→ **TASK DIRECTIONS**
Transcribe only part of the material below: the lines from the one containing "Je le rappelle" through the one containing "目前新用户可通过本文入口完成", inclusive, exactly as written.

→ **INFORMATION**
......

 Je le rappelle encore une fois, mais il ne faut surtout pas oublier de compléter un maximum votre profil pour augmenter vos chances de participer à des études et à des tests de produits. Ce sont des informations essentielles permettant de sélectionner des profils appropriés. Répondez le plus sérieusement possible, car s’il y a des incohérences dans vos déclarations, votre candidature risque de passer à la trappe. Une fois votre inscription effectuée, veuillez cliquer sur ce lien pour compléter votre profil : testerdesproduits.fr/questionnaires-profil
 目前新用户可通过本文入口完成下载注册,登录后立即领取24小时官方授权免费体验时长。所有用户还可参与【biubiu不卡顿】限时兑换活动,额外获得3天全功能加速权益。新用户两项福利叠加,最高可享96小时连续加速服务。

......

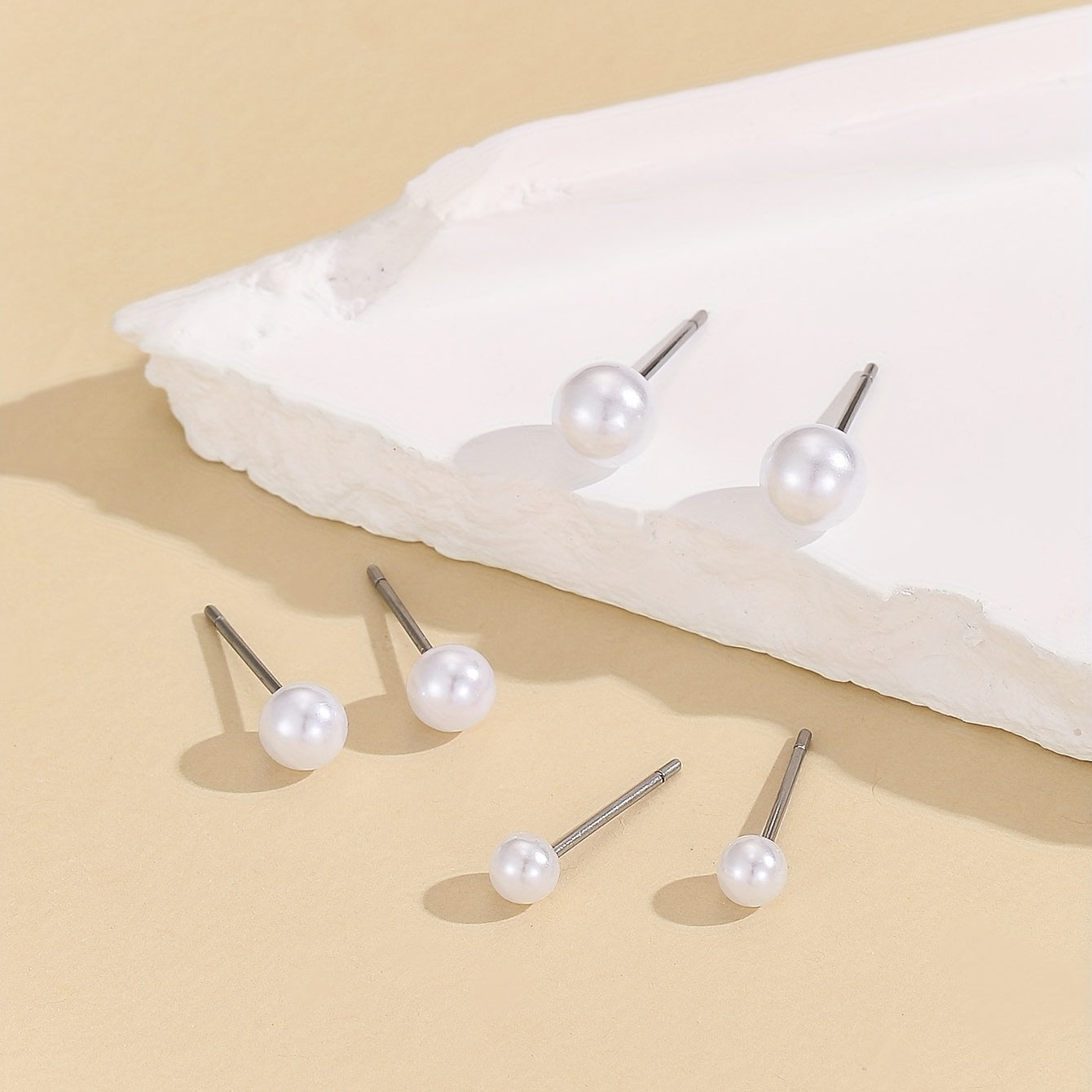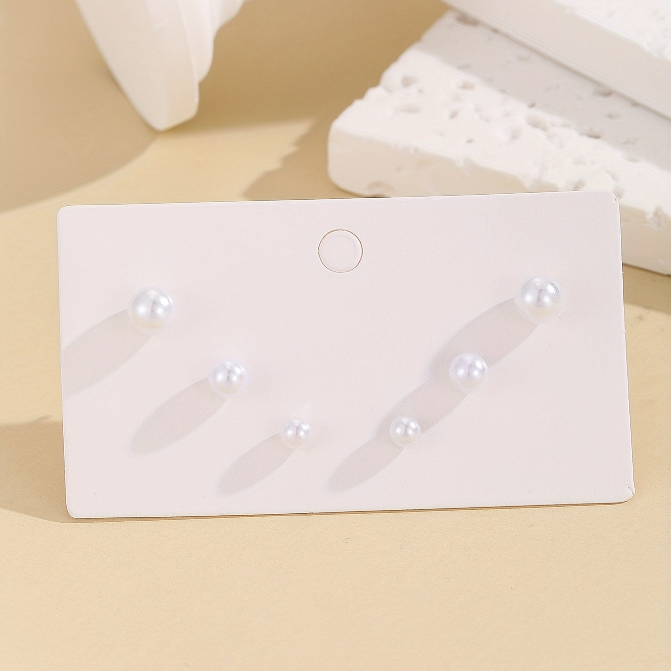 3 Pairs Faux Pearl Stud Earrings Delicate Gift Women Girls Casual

......

→ **ANSWER SECTION**
 Je le rappelle encore une fois, mais il ne faut surtout pas oublier de compléter un maximum votre profil pour augmenter vos chances de participer à des études et à des tests de produits. Ce sont des informations essentielles permettant de sélectionner des profils appropriés. Répondez le plus sérieusement possible, car s’il y a des incohérences dans vos déclarations, votre candidature risque de passer à la trappe. Une fois votre inscription effectuée, veuillez cliquer sur ce lien pour compléter votre profil : testerdesproduits.fr/questionnaires-profil
 目前新用户可通过本文入口完成下载注册,登录后立即领取24小时官方授权免费体验时长。所有用户还可参与【biubiu不卡顿】限时兑换活动,额外获得3天全功能加速权益。新用户两项福利叠加,最高可享96小时连续加速服务。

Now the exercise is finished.